Our test unit is a top-tier configuration of the Aspire V17 Black Edition model, with a 4K wide-gamut panel, 16 GB of RAM, a Blu-Ray optical drive and 256 Gigs of SSD storage, which sells for $1700 at the time of this post. The 4K version is not available worldwide though, and it’s not for everyone either, due to its high price.
So if you’re OK with a FHD screen and a regular HDD, you can get this notebook for as low as $1000 and probably less in the future, which I believe is a solid price for what you’ll be getting. Stick around to find out more.
The specs sheet
||Acer Aspire V17 Nitro Black Edition VN7-792G
||17.3 inch, 3840 x 2160 px resolution, matte, IPS, non-touch
||Intel Skylake Core i7-6700HQ CPU, quad-core 2.6 GHz (3.5 GHz TBoost)
||Intel HD 530 + Nvidia GTX 960M 4GB
||16 GB DDR4 2133Mhz (2xDIMMs)
||256 GB SSD (M.2 SATA, NVMe supported) + 1 TB 2.5″ HDD
||Wireless AC Atheros QCA6174 , Gigabit LAN, Intel Bluetooth 4.0
||2x USB 3.0, 1x USB 2.0, 1x USB 3.1(Thunderbolt 3), HDMI, mic, earphone, SD card reader, LAN
||424 mm or 16.7” (w) x 297 mm or 11.7” (d) x 23mm or 0.98” (h)
||3.06 kg or 6.75 lbs
||backlit keyboard, 4 speakers, Blu-ray Combo
Design and exterior
I’ll tell you from the start that I’m a fan of this series’s simple and sober aesthetics, black being the dominant color here, with a silver strap on the back, silver hinges and a shinny Acer logo on the hood.
A soft rubber plastic is used for the entire case, which feels great to the touch and I don’t think it would scratch as easily as metal does. On the other hand, this soft finishing does show smudges extremely easily, especially on the palm-rest, which is smooth and not textured as the lid-cover. So you’ll actually struggle to keep this laptop in pristine shape and you’ll need to wipe it clean very often, using water or some sort of cleaning substance.
Update: I noticed that the soft-coating on our review unit has started to wear off on one of the edges, revealing the plastic below. This is a test-sample and it’s probably seen some beating, but I did a bit of research on the older Aspire Nitros and it looks like both the soft-black coating and the silver coating on the back-edge start to wear off after a while. That’s something to keep in mind and something to consider if you’re not one of those persons who pamper their devices.
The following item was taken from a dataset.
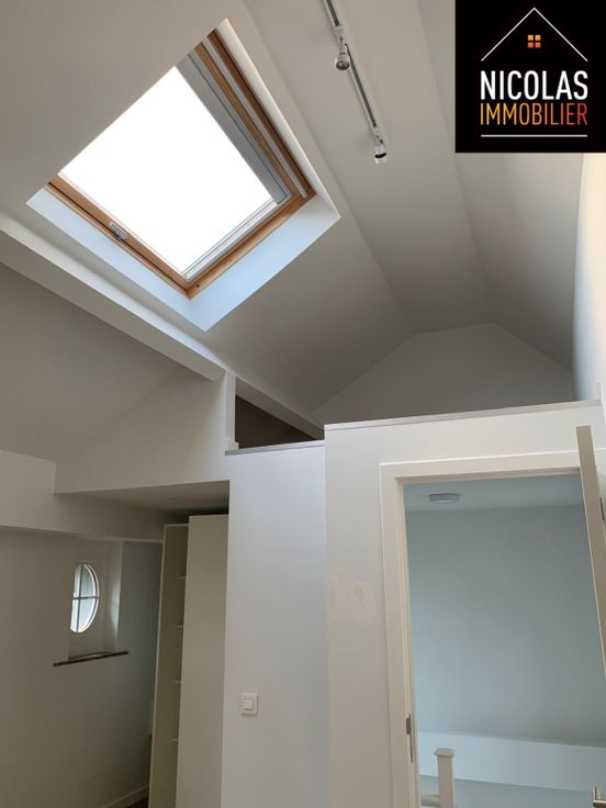 D’un appartement/duplex aux 1er et 2e étages : séjour lumineux avec cuisine équipée ouverte, une chambre spacieuse et une salle de douche moderne

Looks aside, this laptop is also well built. There’s little flex in the screen and the keyboard frame, and in fact this 17-inch model actually feels a bit sturdier built than the 15-inch variant. That’s good. The hinges are smartly designed as well and allow users to easily lift the screen with a single hand, but also keep the screen firmly in place when needed.
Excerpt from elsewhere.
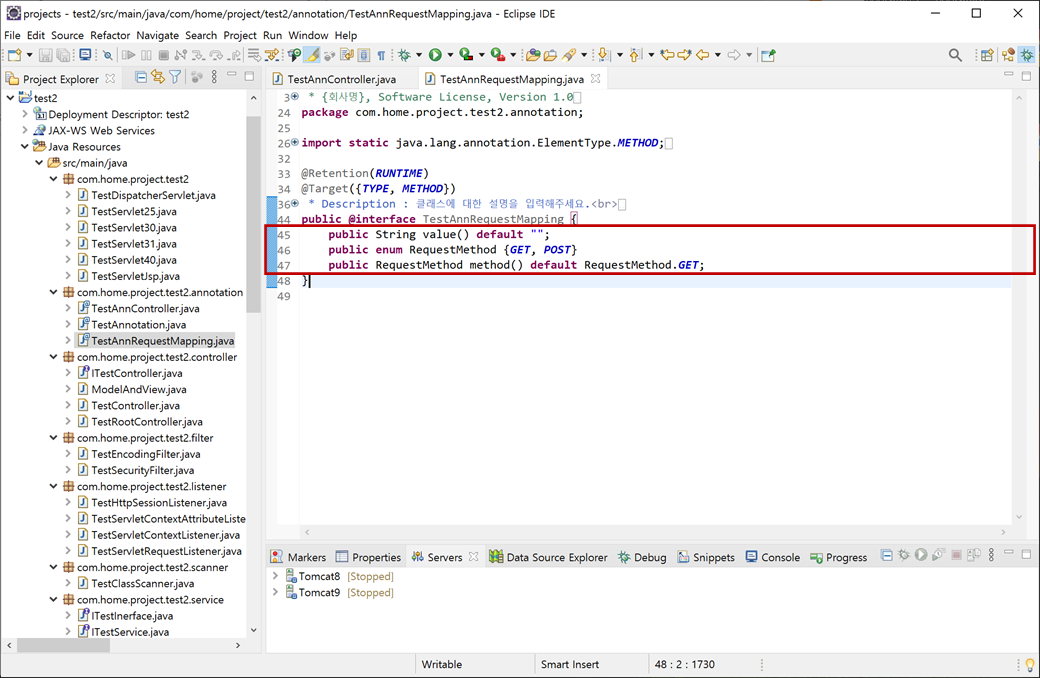 "test2"메소드도 같은 방식으로 추가합니다.

On to more practical aspects, the laptop’s interior is roomy, with a large palm-rest, as expected from a 17-inch laptop. The ports are lined on the sides, but most of them are squeezed on the right edge unfortunately, where you’ll find the PSU, the LAN adapter, HDMI video output, two USB 3.0s, one USB 3.1 port with Thunderbolt 3 support and separate headphone and microphone jacks. The card-reader is on the front lip, next to the status LEDs, while on the left edge there’s the optical unit, a Blu-ray Combo in our case, and another USB 2.0 slot.
The rear edge houses two separate air-exhausts for the CPU and GPU, with the intake grills present on the underbelly, where you’ll also find two cuts for the speakers.
Keyboard and trackpad
On the interior you’ll also notice that this 17 inch Nitro gets the same keyboard and trackpad as the smaller unit, which means that the NumPad area is squished and the up and arrow keys are grouped together and somewhat difficult to hit.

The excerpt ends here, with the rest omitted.